In general the risk of death was obtained from country-specific lifetime tables for the general population. Two studies264,272 assumed that people were at risk of MS-related death at EDSS 8–9.5. However, it was unclear whether Sanchez-de la Rosa et al. 264 varied the risk of death by age. Nikfar et al. 265 used another method to account for death. These authors assumed that MS increased the risk of death by threefold across age- and sex-adjusted mortality rates. Pan et al. 267 modelled mortality based on extrapolating survival data from an observational study. These authors fitted a Weibull parametric model to the placebo (no treatment) group to project survival over a lifetime, then mortality for IFN-β-1b was modified by applying the HR derived from a comparison between the treatment group and the placebo group. Evidence on other parametric model fits was not presented by the authors.
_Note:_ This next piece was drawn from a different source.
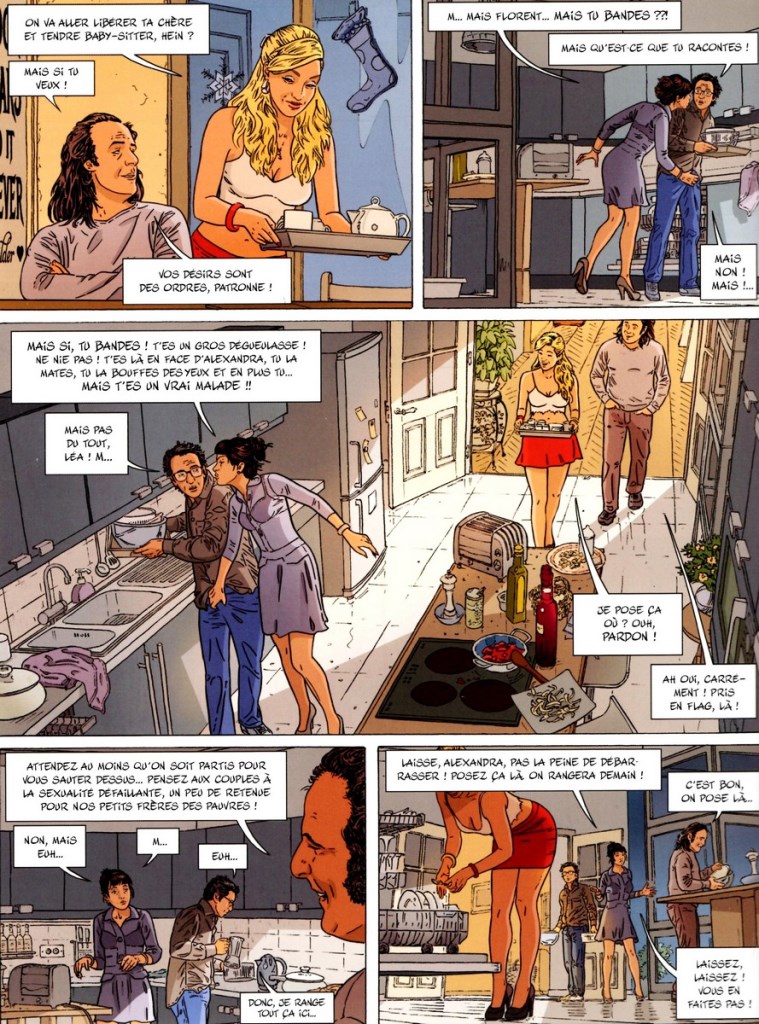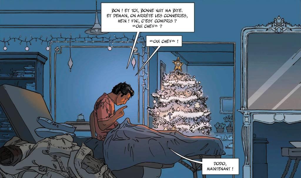 Prévu en 2 tomes, présenté sous la forme théâtrale du vaudeville, ce scénario de huis-clos tendu basé sur un malentendu explore toute l’ironie situationnelle des soirées de Noël qui virent à la catastrophe. L’action progresse au travers des dialogues, le décor reste minimaliste, les personnages de bobos parisiens débranchés en pleine débandade générationnelle se déchirent de façon conventionnelle. Cette exploration de la médiocrité sociale contemporaine a un côté jubilatoire sans pour autant tomber dans la satire féroce. L’Érection se termine par un cliffangher (coup de théâtre en français) qui laisse augurer une nuit plus interminable que prévu, un entracte en quelque sorte, en attendant la suite.
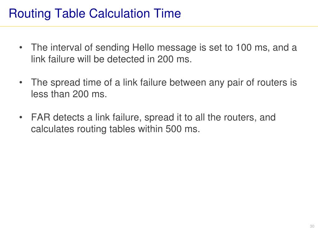 Routing Table Calculation Time • The interval of sending Hello message is set to 100 ms, and a link failure will be detected in 200 ms. • The spread time of a link failure between any pair of routers is less than 200 ms. • FAR detects a link failure, spread it to all the routers, and calculates routing tables within 500 ms.

Treatment effect of disease-modifying therapy in relapsing–remitting multiple sclerosis

The effect of treatment on disability progression and the frequency of relapses was considered in all studies by applying a HR/relative risk to a baseline cohort of people with RRMS. All studies drew on evidence from RCTs. However, only one study264 was clear on the meta-analytical methods used to estimate the treatment effect from clinical trials. These authors used log-linear regression to estimate the treatment effect of DMTs on disease progression and relapse frequency.

It was unclear whether studies modelled the direct impact of DMTs in the conversion to SPMS. All studies considered an indirect impact of DMTs on mortality by showing that DMTs delay disease progression.

It was not clear whether any studies accounted for the waning effect of DMTs. One study264 considered the effect of NABs on the efficacy of DMTs.

Discontinuation of treatment in relapsing–remitting multiple sclerosis

Discontinuation rates were considered in all studies except for that by Agashivala and Kim. 266 Treatment discontinuation was assumed to occur as a result of AEs from drug utilisation and/or progression to an EDSS score of ≥ 6 or a perceived lack of efficacy. 265 To our knowledge, no studies fitted a parametric model to long-term data to derive time-dependent transition probabilities for people discontinuing treatment. Studies used short-term information on discontinuation rates from trials and assumed a constant hazard over time for the duration of the model.

Quality assessment

We present a summary of the reporting quality of the studies included in the current review assessed against the CHEERS243 and Philips et al. 244 criteria, which cover model structure, information required for the model and uncertainty. Details of the quality assessment for each study are presented in Appendix 7.